The money on which the tax in controversy was computed was received by the taxpayer subject to substantial limitations and conditions within the meaning (Article 51, Keg. 65), and hence is not income.

*8We see no merit in the contention thus made. The payments involved were made to the petitioner under specific terms of a written contract, which required the lessee to pay the agreed 20 per cent of its gross receipts from rental charges, in cash to him as received. There were no restrictions or limitations in respect to these payments, and, had the lessee failed or refused at any time to make such payments after receipt of its rentals, clearly, the lessors could have successfully maintained an action at law for their recovery, or a suit in equity for an accounting.

In these circumstances title to these payments vested in the petitioner upon their receipt, and they constituted taxable income as and from such date. Shepard v. Northwestern Life Ins. Co., 40 Fed. 341; Eisner v.

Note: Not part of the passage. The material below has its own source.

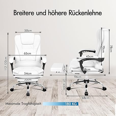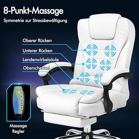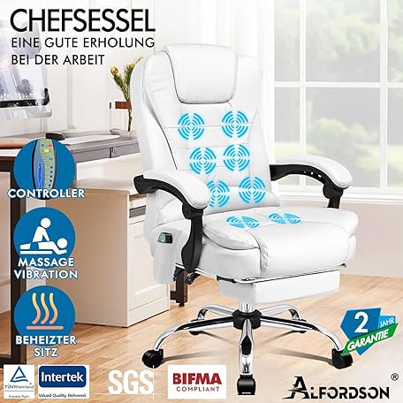 Thông tin sản phẩm ALFORDSON Office Chair with Ergonomic Lumbar Support, Desk Chair with Armrest and Backrest, Swivel Chair with Massage Function, PU Material, Height Adjustable, White, Faux Leather

Macomber, 252 U. S. 189; S. W. Harris, 2 B. T. A. 933; Marion Stone Burt Lansill, 17 B. T. A. 413. The petitioner’s theory of so-called trust, which he argues was impressed upon these funds in favor of his lessee as soon as they came into his hands, is likewise without foundation, and the cases cited by him fall far short of supporting his theory of a trust under the conditions here. In none of the cases cited was the amount of the trust fund in doubt, but at all times was known or readily determinable by reference to the fixed percentages agreed upon in the contract. In the case at bar, whether or not any funds were ever to be “ considered ” as subject to the so-called trust; or, if so, how much, was left entirely to the election of the petitioner’s lessee; who could, by the mere entry in its books of an amount it might determine to be “ deferred or unearned income ” from payments made to it under another contract, impress funds in the hands of the petitioner with a trust in its favor. When we further consider that, in this case, the benefits of the so-called trust, were entirely under the control of the beneficiary, the novelty of the situation becomes all the more marked.

The respondent correctly held that the disputed payments made to the petitioner were taxable income to him in the years received and his determination is sustained.

Decision wiM be entered for the respondent.